Logs:Lepers and Dragonmen

From NorCon MUSH
Lepers and Dragonmen
"Can we start over? Please?"
RL Date: 19 August, 2014
Who: Farideh, K'zin
Type: Log
What: Farideh and K'zin almost get along. Damn those lepers and dragonmen.
Where: Garden Patio Ledge, High Reaches Weyr
When: Day 27, Month 7, Turn 35 (Interval 10)
Mentions: Aishani/Mentions, Leida/Mentions, Lepers/Mentions, Thraland/Mentions
OOC Notes: Back-dated.




Garden Patio Ledge, High Reaches Weyr

Partly sheltered by the curving stone overhang, partly exposed to the weather, the wide stone patio serves as a balcony for socializing or just plain drinking on a sizable scale. The repurposed ledge might once have let two large dragons land, but now there's too much furniture for that: two rustic tables with attendant chairs, plus a couple more in particularly good weather, and a wrought iron bench situated to make the most of the view of the western bowl and the lake beyond.

Other changes include rough little niches carved out of the stone walls to hold glows in colored bottles at night, the climbing plant that's being trained to grow up along the overhang, and the blue ceramic pots of flowers that dot the edge of the ledge as a colorful reminder not to fall off.

An archway leads to the Snowasis itself, housed in the ledge's former weyr, while a few wide steps descend along the wall to the bowl.

The weather today is very pleasant. A few clouds chase each other across the mostly clear skies, and a soft breeze picks up in the afternoon to make for a fine day. ---


What better place to spend a lazy afternoon than on the Garden Patio Ledge, taking in the sights of the sparkling blue-green lake and the colorful hodgepodge of weyrfolk wandering through the bowl. Farideh is perched on a wrought iron bench, legs crossed in a definitively ladylike posture, as she eats a piece of redfruit. She is relaxed, observing the to and fro of people; her hazel eyes might follow one person longer than the others, but it is quickly skipping off to someone else.

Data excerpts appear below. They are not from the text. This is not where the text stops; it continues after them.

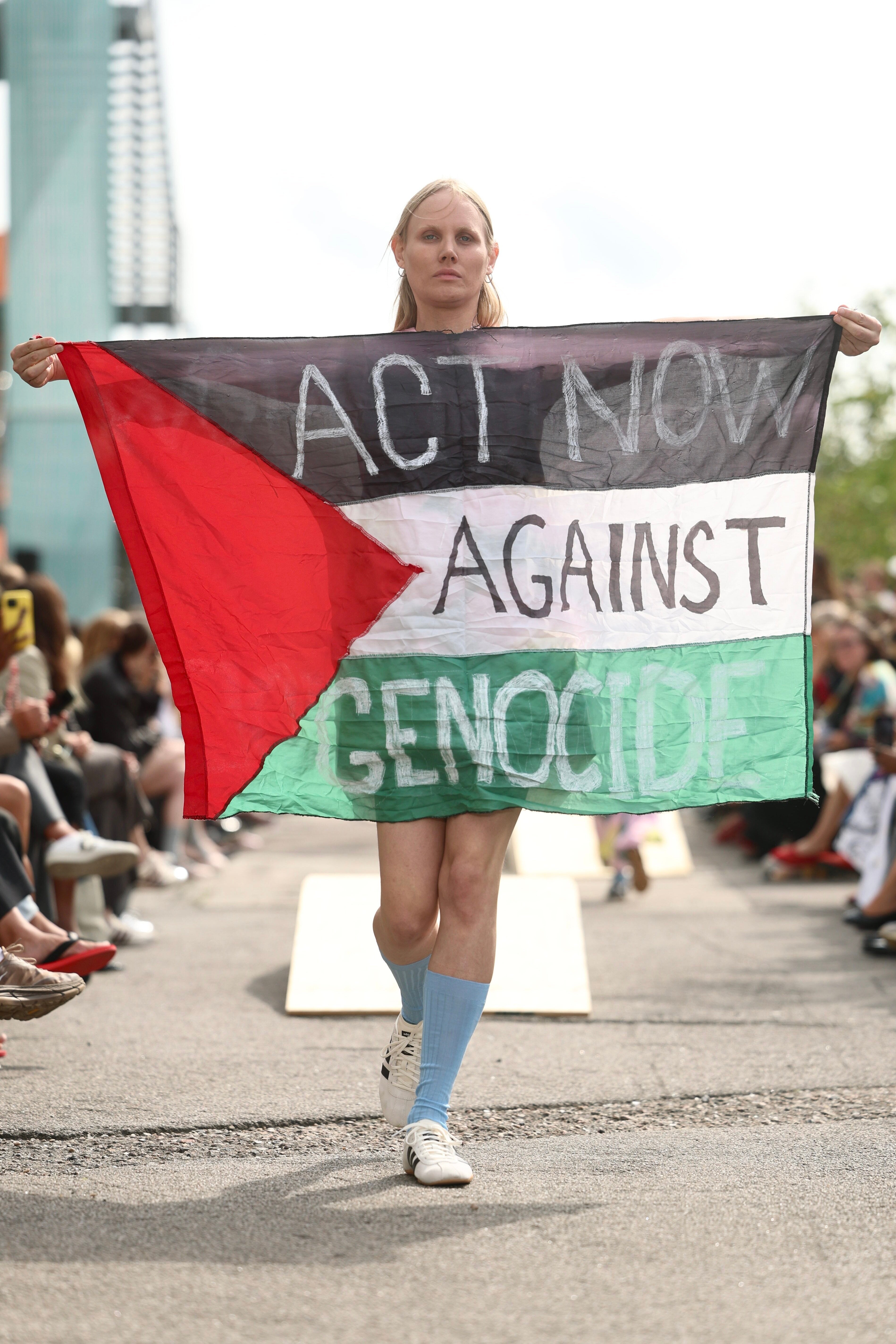 「パレスチナなしに私たちの未来はない」マリメッコのショーでモデルがジェノサイドに抗議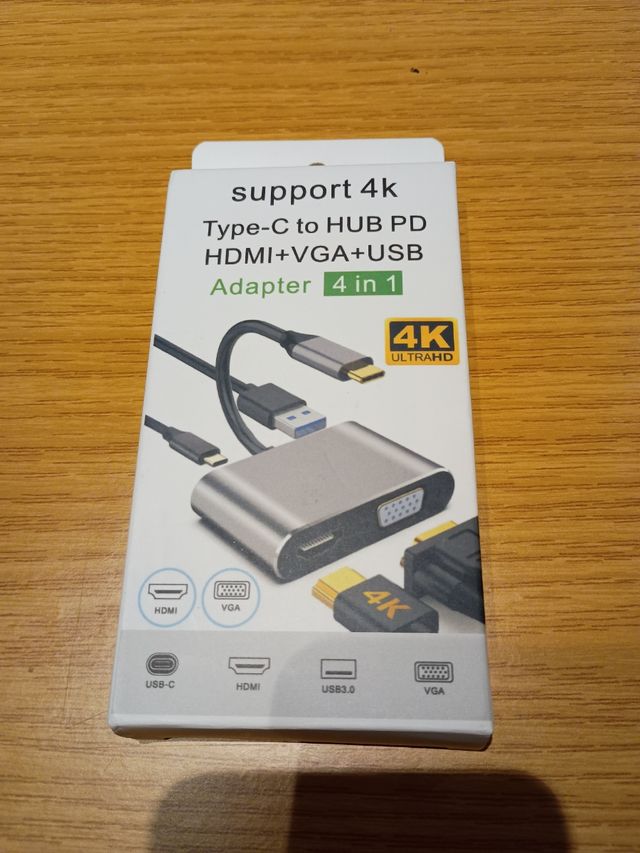 Detalles del productoAdaptador de USB C a HDMI, VGA, USB. Sirve para conectar móviles, tablet, portátiles, consolas a televisión con entrada HDMI o antiguos monitores con entrada VGA. Permite al mismo tiempo cargar el dispositivo alimentando con un cargador usbc y conectar también teclados o mouse, por ejemplo convierte móviles compatibles (casi todos los Samsung) en mini ordenadores de escritorio.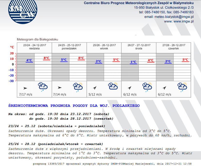 Osiem stopni na plusie w WigiliÄ™ i w pierwszy dzieÅ„ ÅšwiÄ…t Bożego Narodzenia, możliwe opady deszczu. ZresztÄ…, wystarczy zerknąć poniżej, a ku pokrzepieniu dać wiarÄ™ naukowcom, którzy przekonujÄ…, że na zaufanie zasÅ‚ugujÄ… prognozy krótkoterminowe, góra do trzech dni. Te dÅ‚uższe, to jak przepowiednie starego górala ”bÄ™dzie zima, albo nie bÄ™dzie”.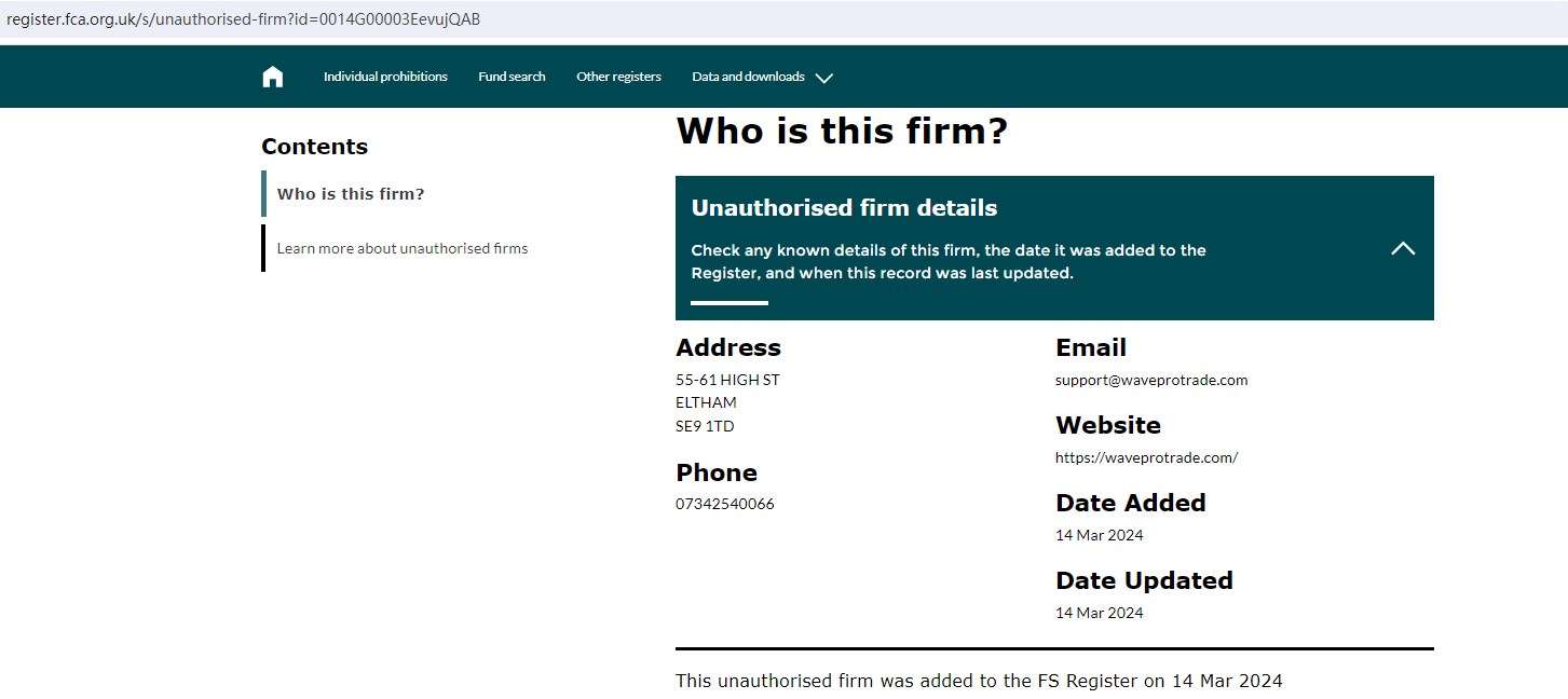 Upon investigation, we found that WAVE PRO TRADE is not Authorized by the United Kingdom Financial Conduct Authority (FCA).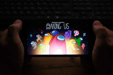 Kostanay, Kazakhstan, November 04, 2021. A man holds a mobile phone with a screensaver of the popular TAmong Us game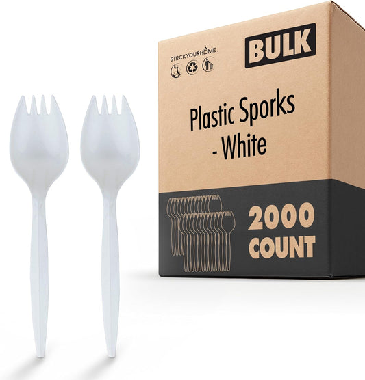 Stock Your Home 100 Disposable Sporks, White Plastic Sporks – Kid Safe 2 in 1 Utensils – Fork Spoon Perfect for School Lunch, Picnics, Catered Events, Restaurants and Kids Birthday Parties

One of the colorful people crossing the bowl is more ash and soot-marked than most of the rest. His path has him leaving the forge by the craft complex and trekking directly toward the Garden Patio Ledge, pulling on his sleeveless shirt as he walks. It's at least clean...er than he is, though it gets wet with sweat at the curve of his lower back and some spots across his chest. His left arm bears a long burn scar that stretches across his forearm but even that has smudges on it. K'zin carries in that hand a rolled sheaf of hides that swings a little as he climbs the stairs onto the ledge, his eyes squinted against the brightness of the day until he comes into the shade the ledge provides.

Farideh's hazel eyes follow the curious path of the dragonrider, right up from the bowl onto the garden patio stairs and up onto the ledge. She turns on the bench, folding her arms over the back of the iron detailing and resting her chin on them. Then, she just stares, munching way on her apple. It's very obvious where she's looking too - she's making not strives to hide her blatant interest; but a girl can look, right?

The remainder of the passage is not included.